Ialah Persephone (Hannah Arterton) protagonis dalam Heretiks yang dituduh sebagai seorang penyihir. Hukuman mati telah menanti. Namun, sebelum hukuman itu dilayangkan beberapa suster menyelamatkannya, memberikan sebuah kesempatan kedua sebagai "Pelayan Tuhan". Tak ada jalan lain yang harus dipilih, Persephone beserta para "pendosa" lainnya dikurung di sebuah bangunan tua dengan setumpuk aturan yang ketat. Apabila melanggar, hukuman fisik maupun kurungan telah menanti.
Entah sebuah kesengajaan atau bukan, Heretiks dan St. Agatha (2018) garapan Darren Lynn Bousman memiliki cerita yang sama persis, tentang seorang "pendosa" yang berusaha memperbaiki diri, berada dalam aturan yang luar biasa ketat dan kemudian mengetahui bahwa apa yang mereka lihat adalah sebuah kedok dalam bentuk "religiusitas" yang berarti para suster tak lebih sama berdosanya dengan mereka.
Pun, dalam penerapan eksekusinya kurang lebih bernasib sama, kala slot durasi hanya diisi dengan sebuah hukuman yang terus di repetisi, sebelum akhirnya memberikan sentuhan khas b-movie perihal menumpahkan darah dan memasukkan unsur gore (Heretiks jauh lebih unggul dalam pemanfaatan gore).
Dari sini, saya sadar bahwa saya telah membandingkan Heretiks dengan film lain. Sudah sepatutnya saya untuk memberikan ulasan tersendiri tanpa adanya sebuah perbandingan dengan karya lainnya. Namun, sulit rasanya untuk tak berbuat demikian, selain sama-sama memasukkan unsur nunsploitation tanpa terang-terangan.

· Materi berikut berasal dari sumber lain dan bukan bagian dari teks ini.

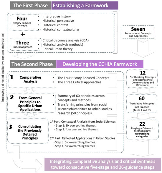 This section outlines the iterative three-stage process behind developing the Contextual Critical Historical Inquiry and Analysis (CCHIA) framework—a tool designed to bridge historical scholarship and contemporary urban practice through contextually grounded research. In the first stage, the CCHIA synthesizes the shared foundations and divergences among four history-focused concepts and three critical approaches, identifying synergies and tensions in their theoretical underpinnings. The second stage transitions from abstract principles to actionable methodologies, exploring how broad perspectives from history and philosophy—such as hermeneutics, power dynamics, and epistemological shifts—can be translated into concrete architectural, urban planning, and design strategies. Finally, the CCHIA framework combines the previously discussed principles into a coherent methodology for addressing complex urban challenges. Connecting historical context with urban design ensures analytical rigor and contextual sensitivity across architectural, urban planning, and urban design research.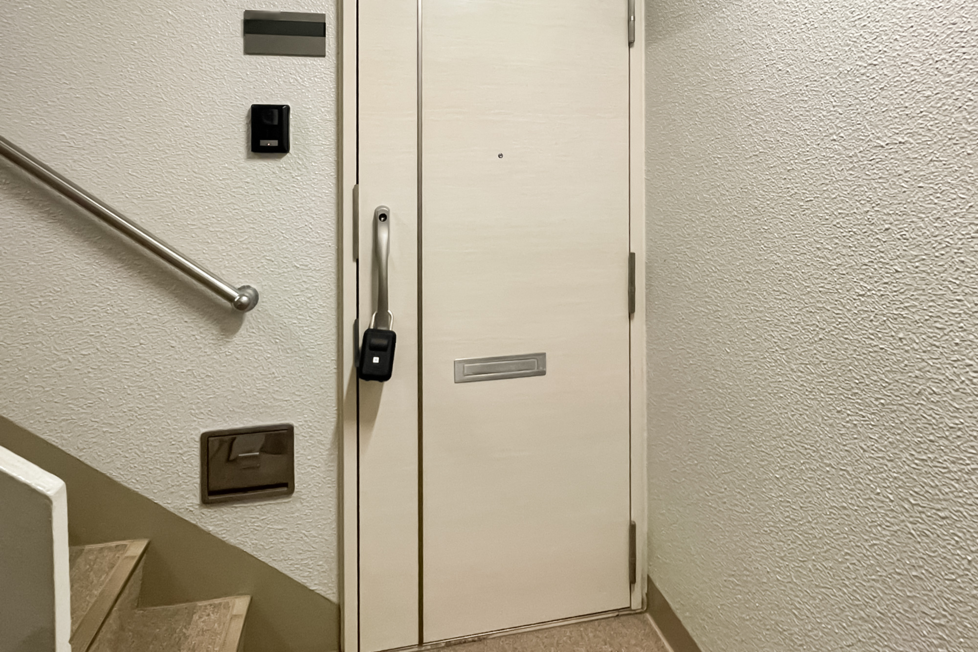 - マンションにはエレベーターが備わっていないため、住戸が所在する2階までは階段でのアクセスとなります。専有面積約74㎡を3LDKにした間取り。南北に窓が備わっており、風が気持ちよく通り抜けてくれそうですね。バルコニーは南向きで、日当たりも良好! また、駐車場専用使用権(使用料月額1,000円)が付いているのもうれしいポイントです。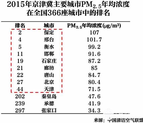 2015全年,北京、天津和河北省多個(gè)城市的PM2.5年均濃度排名全國靠前,并且都超出了35微克/立方米的國家標(biāo)準(zhǔn)。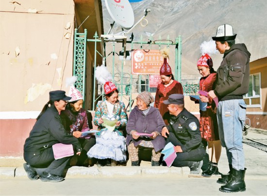 為打通黨的十九屆六中全會精神宣講“最后一公里”,新疆喀什邊境管理支隊庫地邊境派出所組織民警深入轄區抵邊村落、農牧民夜校、施工作業點等進行宣講。圖為2021年12月10日,民警前往距離葉城縣將近300公里的苦魯勒村,在家門口向村民們宣講全會精神。 人民視覺 李展朋/攝
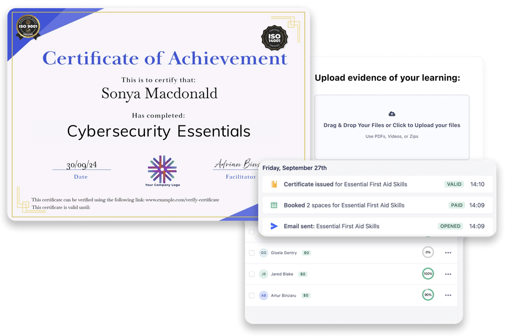 Issue branded certificates instantly for every learner. Track expiries and send renewal reminders without manual follow-up.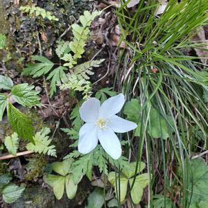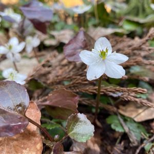 クマガイソウの葉の間からイチリンソウ(♡ˊ艸ˋ)♬*かわいい〜 木の下はジャングルですっ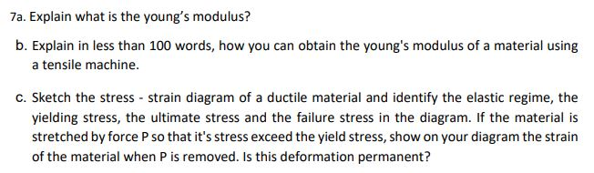 Solved 7a. Explain what is the young's modulus? b. Explain | Chegg.com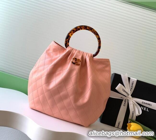 Good Quality Chanel Calfskin Leather & Turtoise-Shell Effect Top Handle Hobo Bag AS6010 Pink 2026
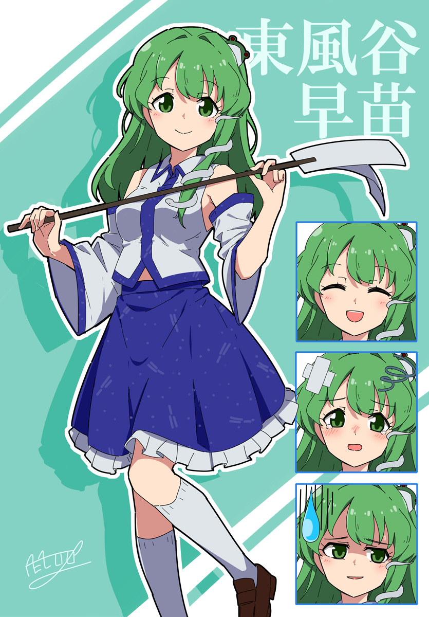 1girl :d ^_^ bandaid bandaid_on_head bare_shoulders blue_skirt blush character_name closed_eyes closed_mouth collared_shirt commentary_request detached_sleeves drop_shadow frilled_skirt frills frog_hair_ornament gohei green_background green_eyes green_hair grey_shirt grey_sleeves hair_ornament highres holding holding_gohei kneehighs kochiya_sanae long_hair looking_at_viewer multiple_views necono_(nekonosora1207) open_mouth parted_lips shirt signature single_sidelock skirt sleeveless sleeveless_shirt smile snake_hair_ornament socks sweatdrop touhou white_socks wide_sleeves

Awalnya, Heretiks bak sebuah thought-provoking tentang religiusitas yang dilontarkan lewat dialog Suster Kepala (Clare Higgins). Memang tujuan filmnya demikian, namun pasca melalui second-act usaha tersebut bak dilupakan para penulisnya. Ialah Conal Parmer (The Seasoning House) dan Paul Hyett (The Seasoning House, Howl) yang turut merangkap sebagai sutradara demi memasukkan unsur horror yang separuh awal film bak kurang kehadirannya.
Hyett justru tampil memuaskan berkat pemanfaatan setting abad ke-17 dengan nuansa gothic yang kental. Selebihnya adalah sebuah bentuk kemalasan dalam bertutur yang akhirnya dimasukkan sebuah repetisi. Rasa horor justru berawal kala para "pendosa" mengalami sebuah demam tinggi yang mengerikan. Sekali terjangkit, harapan untuk hidup memudar. Dari sini, Paul Hyett mulai memasukkan elemen gore yang cukup mengasyikkan, menumpahkan banyak darah, mata tercongkel hingga kepala terpenggal, meski terkait inkonsistensi tetap patut dipertanyakan.
Sayang sekali, nuansa horornya minim daya kejut biarpun gore-nya cukup berani. Kegagalan Hyett memasukkan unsur jump scare berakibat dari sebuah timing yang kurang pas. Terlebih, kala konklusi ditutup dengan cara luar biasa malas. Bodoh memang menyaksikan sebuah film yang sejatinya tak terarah sekalipun, selain krisis identitas, Heretiks pun bak kebingungan dengan apa yang ingin ditampilkan. Setidaknya gore yang berani pula nuansa gothic itu membuat saya takjub, meski keseluruhan filmnya tak memiliki predikat itu.